| What needs to be done |
Please transcribe the data that follows without the pictures, keeping every word the same.
*** Opening of Provided records ***
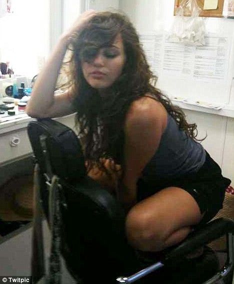 The change is subtle – the sway of the hips, the moistness of the lips, the arch in her back, the new veil over her eyes, her gait, perhaps even her voice… girls know when other girls have lost it. So check out Miley in these twitter photos posted by Adam Shankman who is directing her new movie…
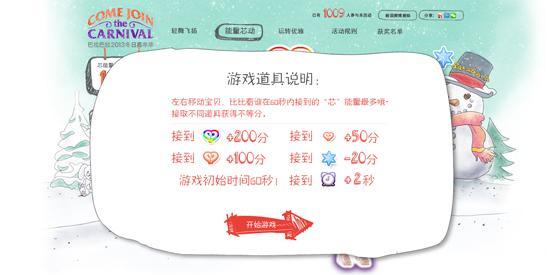 游戲為分制評判,每接到彩虹羽絨“芯”,加分200分,大小不同的羽絨“芯”分別加100分和50分,如果你的反應(yīng)稍有遲緩碰到冷冰冰的小雪花,就會因打寒戰(zhàn)而減去20分,在有限的時間里接到越多羽絨“芯”分數(shù)就會越高,而及時出現(xiàn)的小鬧鐘會延長5秒鐘游戲時間。每天分數(shù)較高的前十位玩家,都將獲得精美獎品一份,獲獎結(jié)果將以第一次排名為準,每位玩家將只有一次獲獎機會,之后繼續(xù)參與游戲的玩家,分數(shù)只參與排名,不再加入獲獎名單。
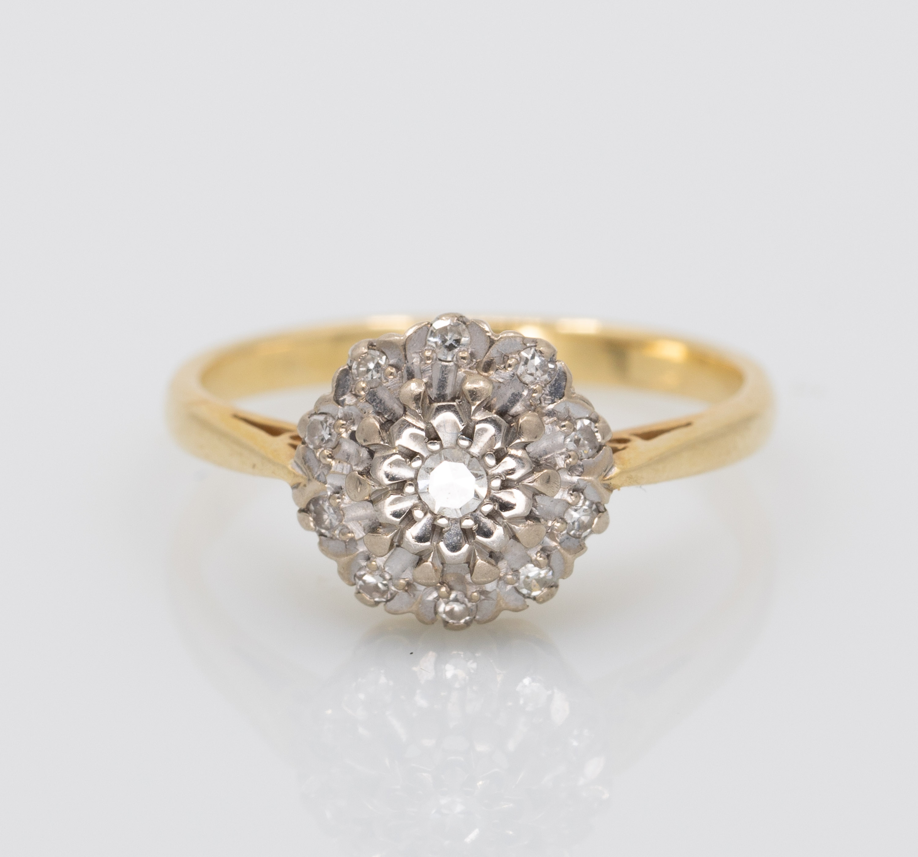 14 krt., centraal een briljant, 0.15 ct., daaromheen 8 robijnen, maat 17.
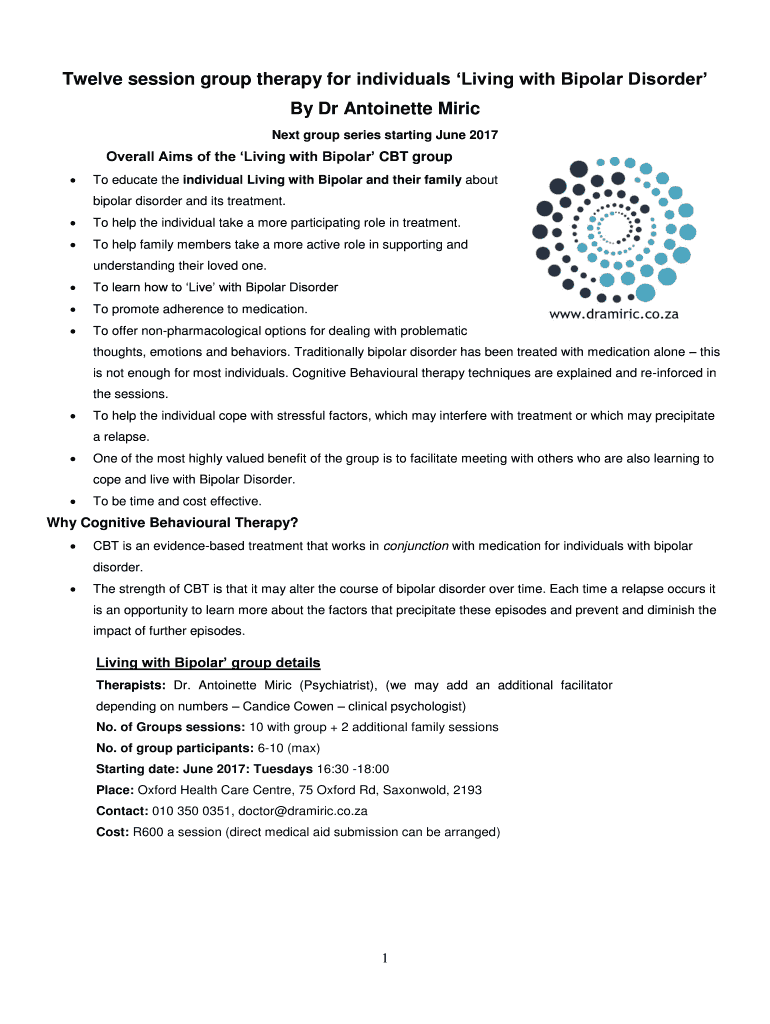 Next group series starting June 2017Overall Aims of the Living with Bipolar CBT group
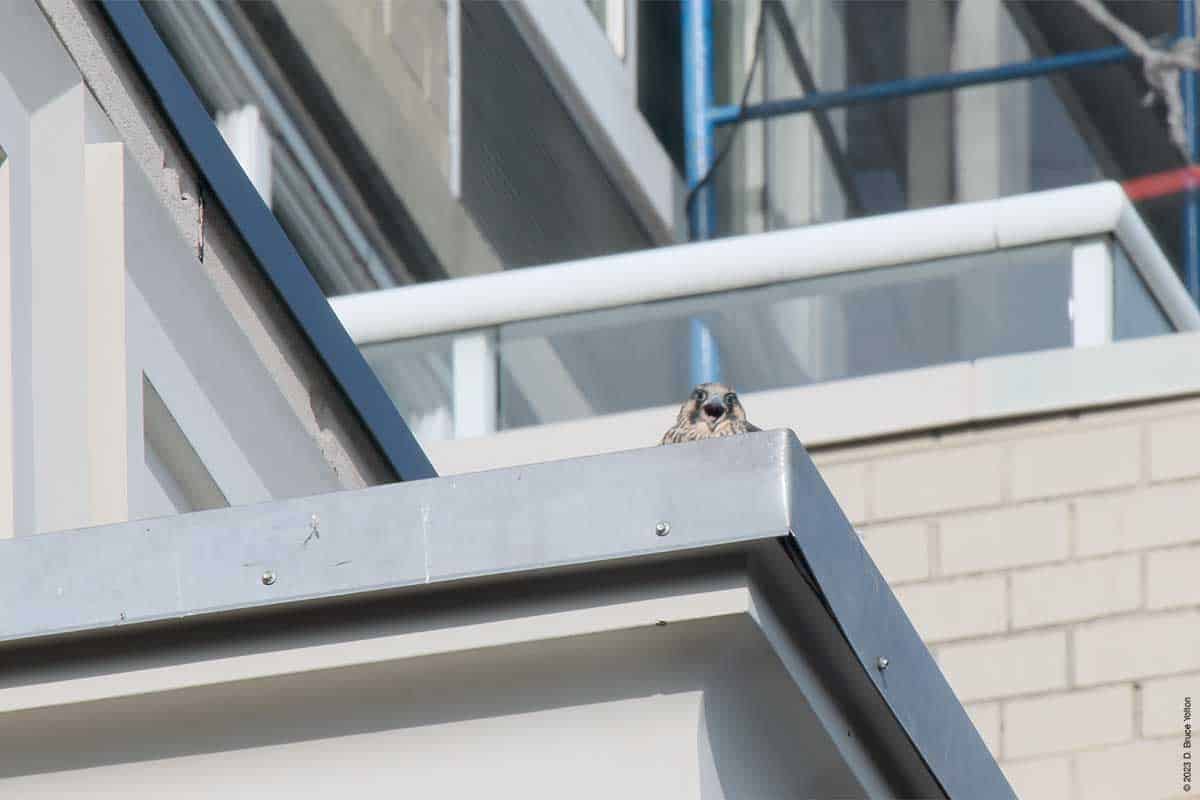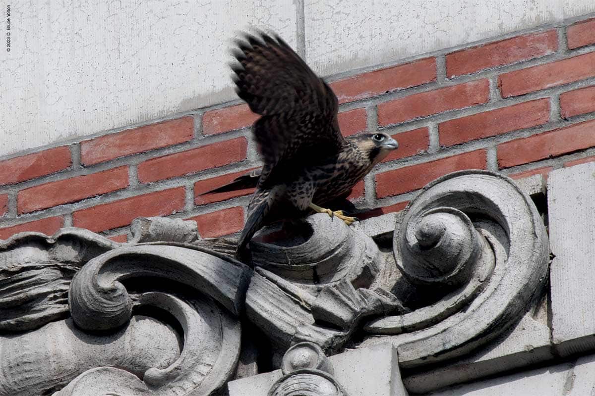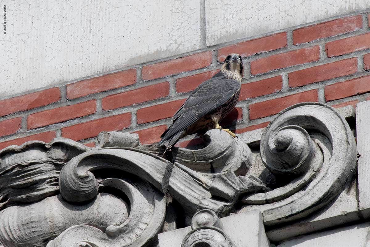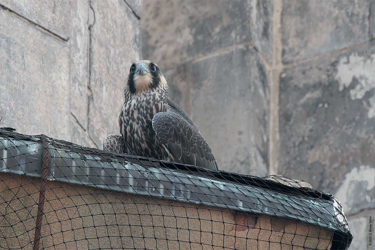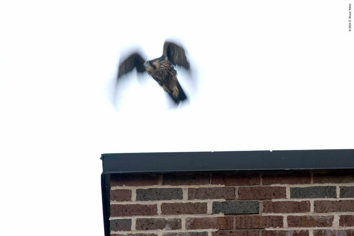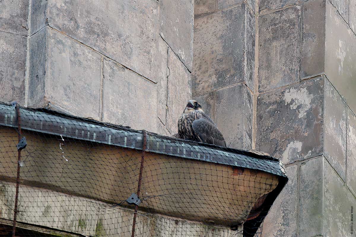 After I packed up my camera, the last youngster to fledge left the eyrie! I had to leave but other say two fledglings eating on 255 West 85th Street and another fledgling chasing pigeons.
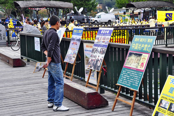 ![]() 在日月潭的达伊绍码头四周摆放法轮功真相展板,游客及警察认真看展板内容。 |
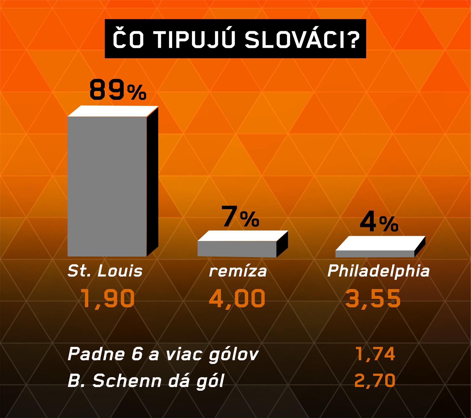Aj keď vo výsledkoch Philadelphie je v posledných dňoch badať zlepšenie, tak vo víťaznom ťažení by malo pokračovať St. Louis. Najproduktívnejší muž a najlepší strelec domácich David Perron síce naposledy vyšiel gólovo naprázdno, no predtým skóroval v štyroch súbojoch v rade.
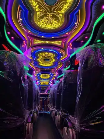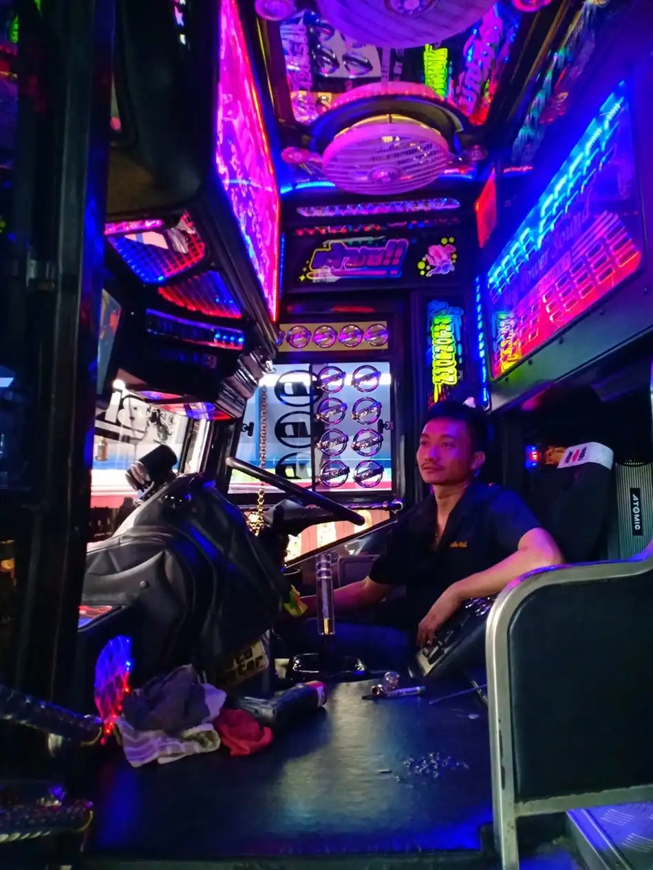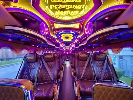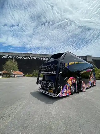 รถบัสของเราเป็นรถบัสที่ถูกปรับปรุงให้มีความทันสมัย และสวยงามจากสีของรถและลายตัวถังของรถ ทำให้ดูเด่นสะดุดตา อีกทั้งภายในยังถูกทำให้มีความสวยงาม(VIP) เหมาะแก่การสร้างบรรยากาศในการให้ความบันเทิงอีกด้วย พร้อมทั้งความสะดวกสบายตลอดการเดินทาง
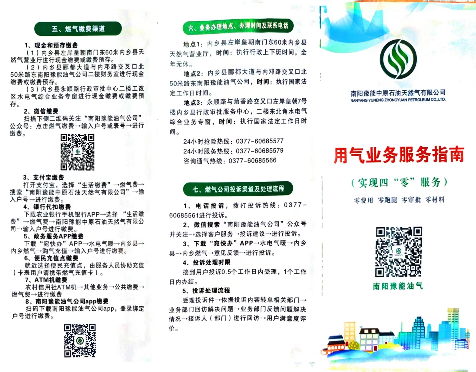 | 燃气更名 | 更名双方身份证、房产证复印件 | 燃气公司各营业网点 | 即时办理 | 0377-60685566 | |
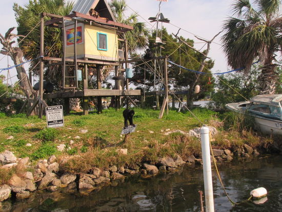 Heute geht es zu den Homosassa Springs, etwa 30 km südlich. Direkt am Ufer des Homosassa River liegt das auch bei Einheimischen beliebte Open-Air Restaurant Mac Rae's. Hier ist eine öffentliche Einsetzstelle, die wird vorwiegend von Hobby-Fischern genutzt. Ich paddle zunächst den Homosassa River aufwärts, vorbei am Monkey Island.
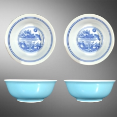 外天蓝内青花人物小碗
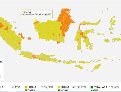 Pada minggu lalu, zona merah yang ada di Indonesia masih berada di lima wilayah. Namun, kini zona merah atau berisiko tinggi hanya tinggal tersisa satu wilayah.
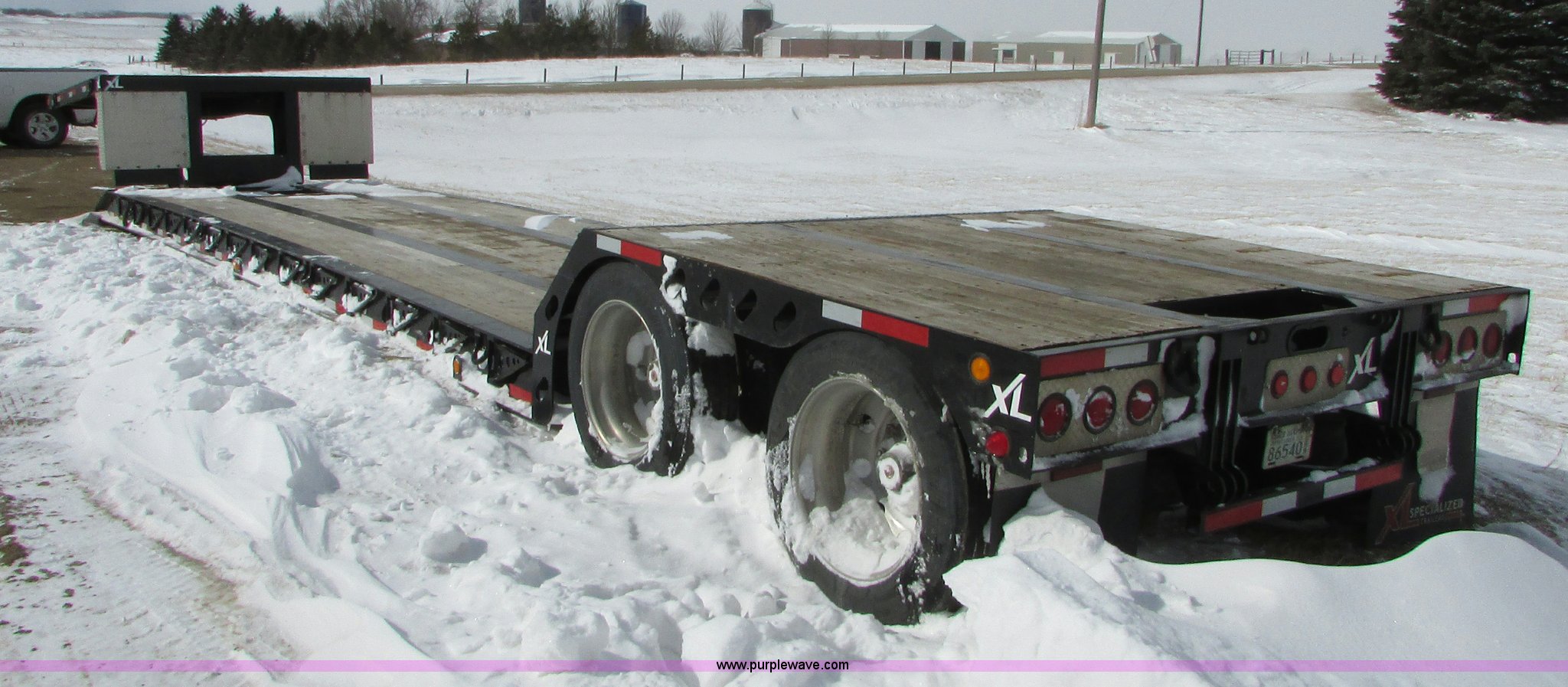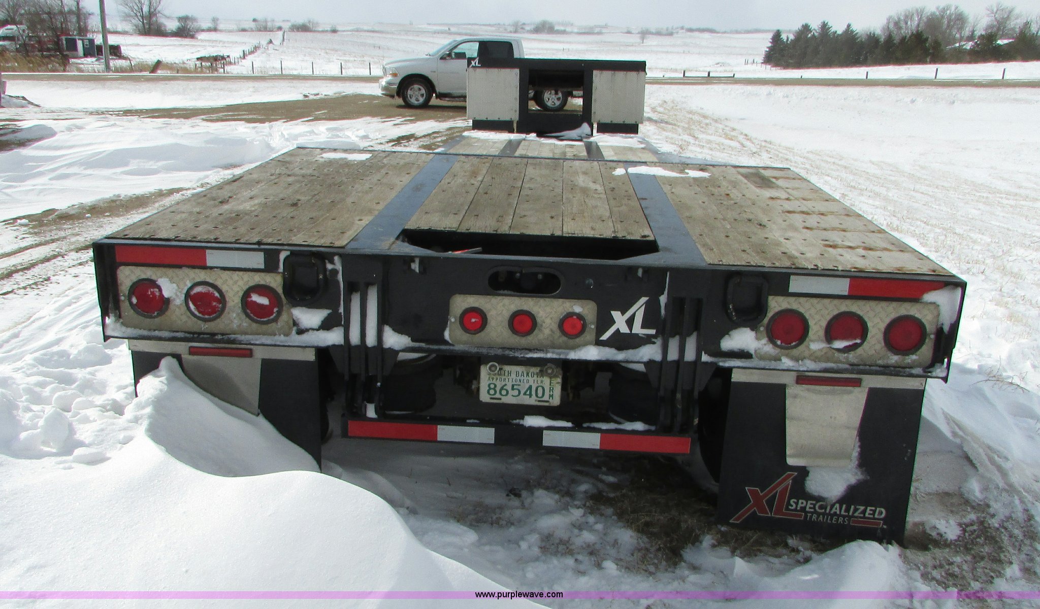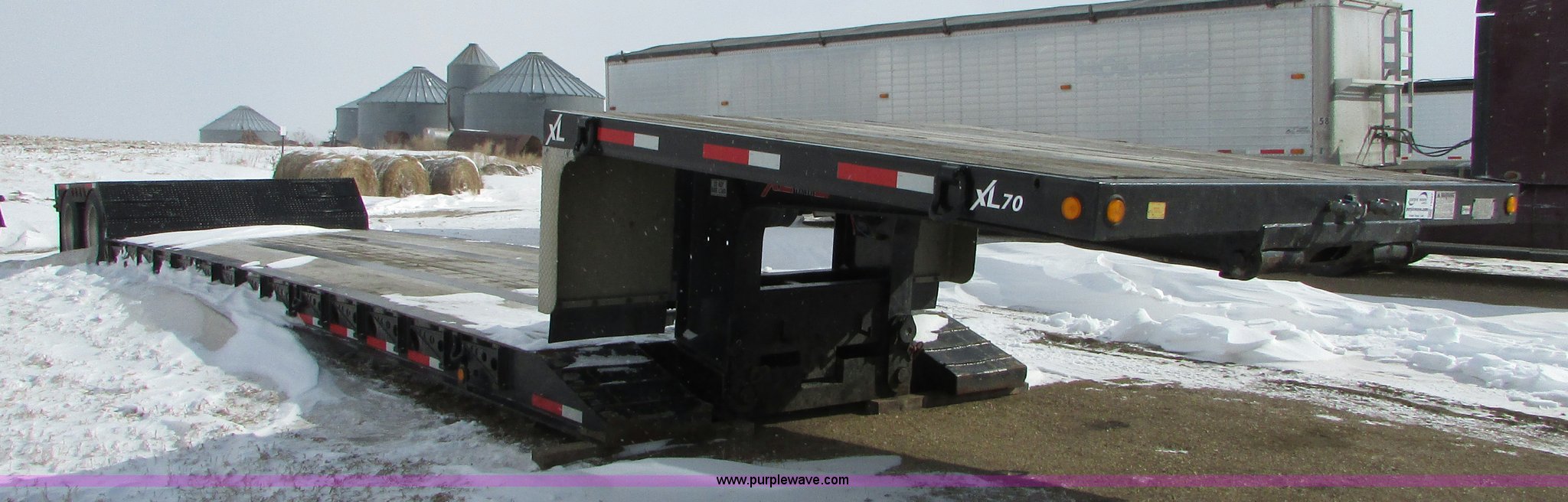 Purple Wave is selling a used Equip. Trailer in South Dakota. This item is a 2004 XL Specialized XL 70 lowboy trailer with the following: 48' overall length, 10'L x 102"W top deck, 29'L x 102"W well, 9'L x 102"W rear deck, Deck extenders, D-ring tie downs, Mechanical detachable neck, Rear air and auxiliary hookups, Air suspension, Air brakes, 255/70R22.5 tires, GVWR 85,940 lbs, GAWR 20,280 lbs per axle, Fourth axle selling as item I6586
*** Close of Provided records ***
| Task result |
 The change is subtle – the sway of the hips, the moistness of the lips, the arch in her back, the new veil over her eyes, her gait, perhaps even her voice… girls know when other girls have lost it. So check out Miley in these twitter photos posted by Adam Shankman who is directing her new movie…
 游戲為分制評判,每接到彩虹羽絨“芯”,加分200分,大小不同的羽絨“芯”分別加100分和50分,如果你的反應(yīng)稍有遲緩碰到冷冰冰的小雪花,就會因打寒戰(zhàn)而減去20分,在有限的時間里接到越多羽絨“芯”分數(shù)就會越高,而及時出現(xiàn)的小鬧鐘會延長5秒鐘游戲時間。每天分數(shù)較高的前十位玩家,都將獲得精美獎品一份,獲獎結(jié)果將以第一次排名為準,每位玩家將只有一次獲獎機會,之后繼續(xù)參與游戲的玩家,分數(shù)只參與排名,不再加入獲獎名單。
 14 krt., centraal een briljant, 0.15 ct., daaromheen 8 robijnen, maat 17.
 Next group series starting June 2017Overall Aims of the Living with Bipolar CBT group
 After I packed up my camera, the last youngster to fledge left the eyrie! I had to leave but other say two fledglings eating on 255 West 85th Street and another fledgling chasing pigeons.
 ![]() 在日月潭的达伊绍码头四周摆放法轮功真相展板,游客及警察认真看展板内容。 |
Aj keď vo výsledkoch Philadelphie je v posledných dňoch badať zlepšenie, tak vo víťaznom ťažení by malo pokračovať St. Louis. Najproduktívnejší muž a najlepší strelec domácich David Perron síce naposledy vyšiel gólovo naprázdno, no predtým skóroval v štyroch súbojoch v rade.
 รถบัสของเราเป็นรถบัสที่ถูกปรับปรุงให้มีความทันสมัย และสวยงามจากสีของรถและลายตัวถังของรถ ทำให้ดูเด่นสะดุดตา อีกทั้งภายในยังถูกทำให้มีความสวยงาม(VIP) เหมาะแก่การสร้างบรรยากาศในการให้ความบันเทิงอีกด้วย พร้อมทั้งความสะดวกสบายตลอดการเดินทาง
 | 燃气更名 | 更名双方身份证、房产证复印件 | 燃气公司各营业网点 | 即时办理 | 0377-60685566 | |
 Heute geht es zu den Homosassa Springs, etwa 30 km südlich. Direkt am Ufer des Homosassa River liegt das auch bei Einheimischen beliebte Open-Air Restaurant Mac Rae's. Hier ist eine öffentliche Einsetzstelle, die wird vorwiegend von Hobby-Fischern genutzt. Ich paddle zunächst den Homosassa River aufwärts, vorbei am Monkey Island.
 外天蓝内青花人物小碗
 Pada minggu lalu, zona merah yang ada di Indonesia masih berada di lima wilayah. Namun, kini zona merah atau berisiko tinggi hanya tinggal tersisa satu wilayah.
 Purple Wave is selling a used Equip. Trailer in South Dakota. This item is a 2004 XL Specialized XL 70 lowboy trailer with the following: 48' overall length, 10'L x 102"W top deck, 29'L x 102"W well, 9'L x 102"W rear deck, Deck extenders, D-ring tie downs, Mechanical detachable neck, Rear air and auxiliary hookups, Air suspension, Air brakes, 255/70R22.5 tires, GVWR 85,940 lbs, GAWR 20,280 lbs per axle, Fourth axle selling as item I6586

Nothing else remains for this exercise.